Eric Lee is a Senior Data Analyst for the Ralph J. Bunche Center and the Million Dollar Hoods Project. He graduated from Columbia University with a Masters in Public Health in Epidemiology. He has worked for Mount Sinai Hospital in the Geriatrics Department and the New York Department of Health and Mental Hygiene (DOHMH) in the Mental Health Division. During his tenure at DOHMH, he was involved in projects analyzing mental health disparities for those incarcerated at Rikers Island. This project as well as his involvement in a “Race to Justice” initiative sparked in furthering his interest to understanding societal factors that lead to health disparities.

Nina Monet Reynoso

Program Coordinator

Nina Monet Reynoso currently works as a program coordinator at the Million Dollar Hoods Project and is a PhD candidate for UCLA’s Social Sciences and Comparative Education program. She was a 2020-2021 Rev. James Lawson Jr. UCLA Teaching Fellow and has taught in subjects across Black studies, labor studies, and education. Her research interests include the critical juncture between the neoliberal interventions of schools and the military industrial complex.

Mariah Tso

GIS Specialist

Mariah Tso is a GIS Specialist for the Ralph J. Bunche Center and the Million Dollar Hoods Project. Mariah received her master’s degree in geographic information systems from the University of Redlands and her bachelor’s in environment, economics, and politics from Scripps College. Her research interests include critical cartography, indigenous methodologies, and interdisciplinary storytelling.

Todd Presner

Associated Faculty

Todd Presner is Chair of UCLA’s Department of European Languages and Transcultural Studies, Professor of Comparative Literature at UCLA, Founder and Director of HyperCities: Thick Mapping in the Digital Humanities and Core Faculty of Urban Humanities Initiative at UCLA. He is also the Sady and Ludwig Kahn Director of the Center for Jewish Studies; founding faculty of the Digital Humanities Program; and co-faculty PI with Juliet Williams, Darnell Hunt, and David Schaberg of the “Social Justice Curriculum” (2021-2026).

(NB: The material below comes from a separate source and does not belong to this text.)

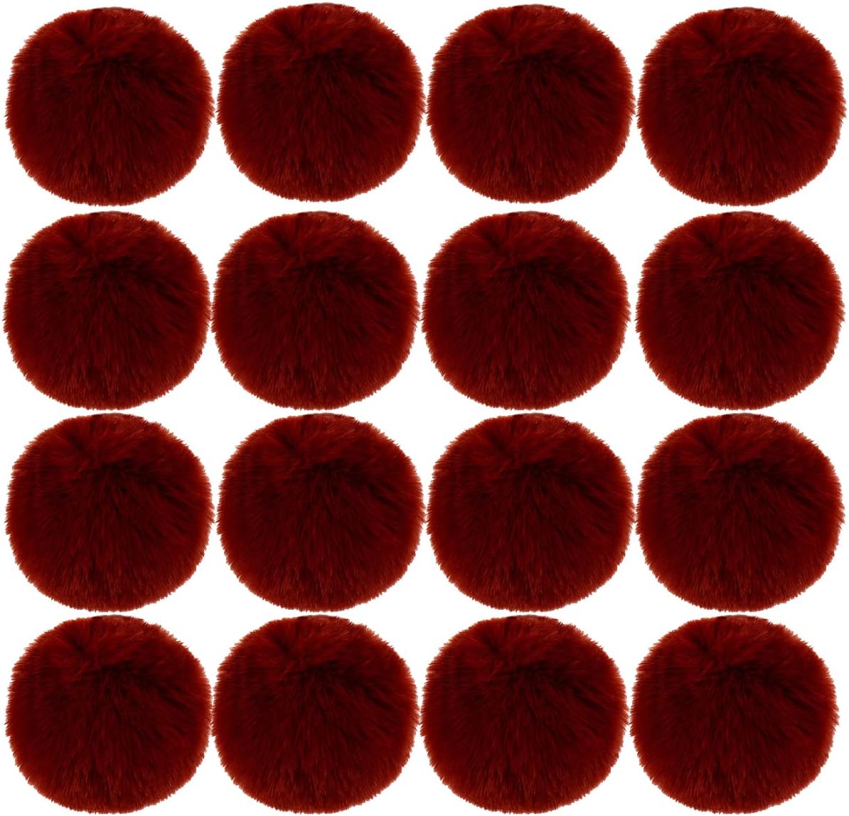 16pcs DIY Pom Pom Balls for Keychain Faux Rabbit Fur Ball Key Ring for hat Phone Tag, Handbag Charm,Wine red Color

Dr. Presner is the author or co-author of four books: Mobile Modernity: Germans, Jews, Trains (Columbia University Press, 2007); Muscular Judaism: The Jewish Body and the Politics of Regeneration (Routledge, 2007); Digital Humanities (MIT Press, 2012), co-authored with Anne Burdick, Johanna Drucker, Peter Lunenfeld, and Jeffrey Schnapp; and HyperCities: Thick Mapping in the Digital Humanities (Harvard University Press, 2014), with David Shepard and Yoh Kawano. Currently, he is writing a book titled Ethics of the Algorithm: Computational Approaches to Holocaust History and Memory. This project employs a wide-range of computational methods – from natural language processing to machine learning – to pose new questions of Holocaust history and memory, asking what it means for algorithmic methods of analysis to be ethical and how they can complement humanistic interpretations and values.